Spring Data Graph 1.x binaries requires JDK level 6.0 and above, and Spring Framework 3.0.x and above.
In terms of graph databases, Neo4j version 1.2 and above. Neo4j has a dependency on Apache Lucene for indexing. Users are encouraged to use the latest version of Neo4j available.
For building the project, Apache Maven (version 2.10 and above) is strongly recommended.
The focus on NOSQL databases is a recent one, even if many of those stores have existed for some years now. That's why this document will not only guide you through the relevant parts of the DATAGRAPH API, but also explain some key concepts of graph databases.
After reading this document, you should be able to integrate DATAGRAPH in your own existing or new applications. If there are any issues that you don't understand or think are explained in a too complicated way, please report back any problems or suggestions. This would also benefit future readers of this documentation.
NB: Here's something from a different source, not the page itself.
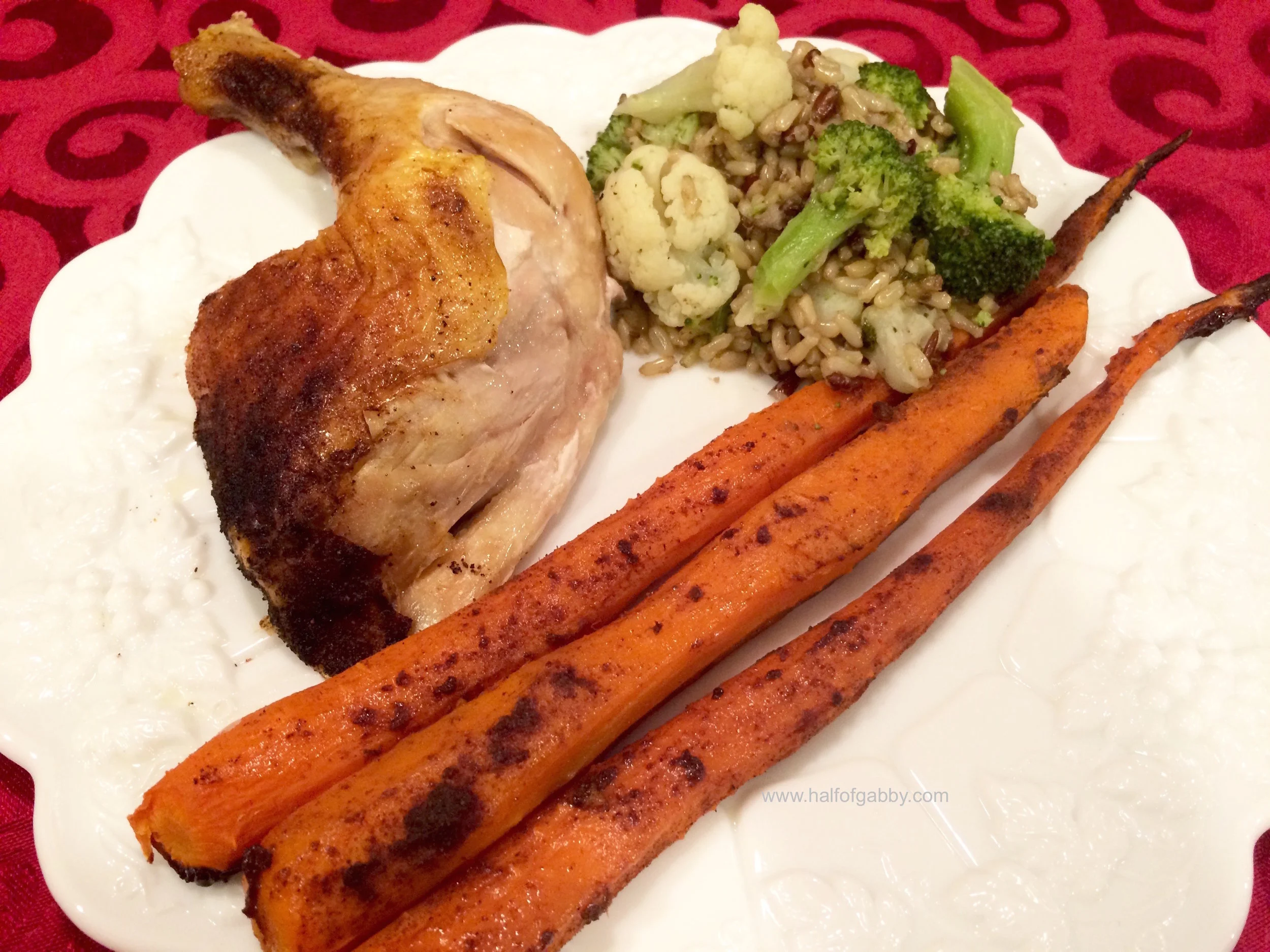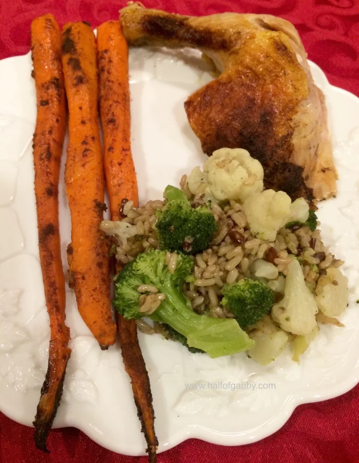 Roasted Turmeric Chicken, Cinnamon Carrots, and Broccoli/Cauliflower Rice
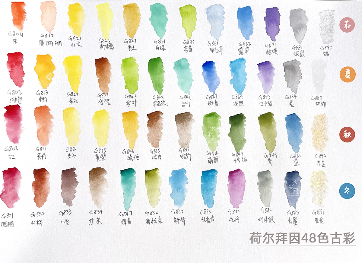 Holbein opaque watercolor New Paleo Four Seasons Series Set 48 colors Watercolor split watercolor paint

As explained in Chapter 1, Why Spring Data Graph?, Spring Data Graph (DATAGRAPH) provides integration between the Spring framework and graph databases. Familiarity with the Spring framework is assumed as stated in Part I, “Introduction”, and only minimally cross referenced here. Graph databases and Neo4j in particular are explained in a bit more detail. The main focus of this document is however on explaining the steps needed to get a DATAGRAPH-backed application up and running.
DATAGRAPH makes heavy use of Spring Framework's core functionality, such as the IoC container, converter API and the AOP infrastructure. While it is less important to know the Spring APIs, understanding the concepts behind them is. The Spring Framework documentation home page is a good starting point for developers wanting become more familiar with Spring Framework.
The recent interest in NOSQL databases is mainly driven by the need for finding the best suited storage solution for data structured in a specific way. It should fit the data, not the other way round. Another issue is the scalability of the database, especially with today's fast growing user bases handling large amounts of data in a short time. There are many NOSQL databases, and one should become familiar with the different concepts, advantages, and disadvantages before choosing a solution. A problem with the NOSQL databases is the different data access APIs that are provided. Spring Data aims at easing this burden by providing consistent abstractions over those APIs, leveraging SpringSource's experience and good reputation in this area.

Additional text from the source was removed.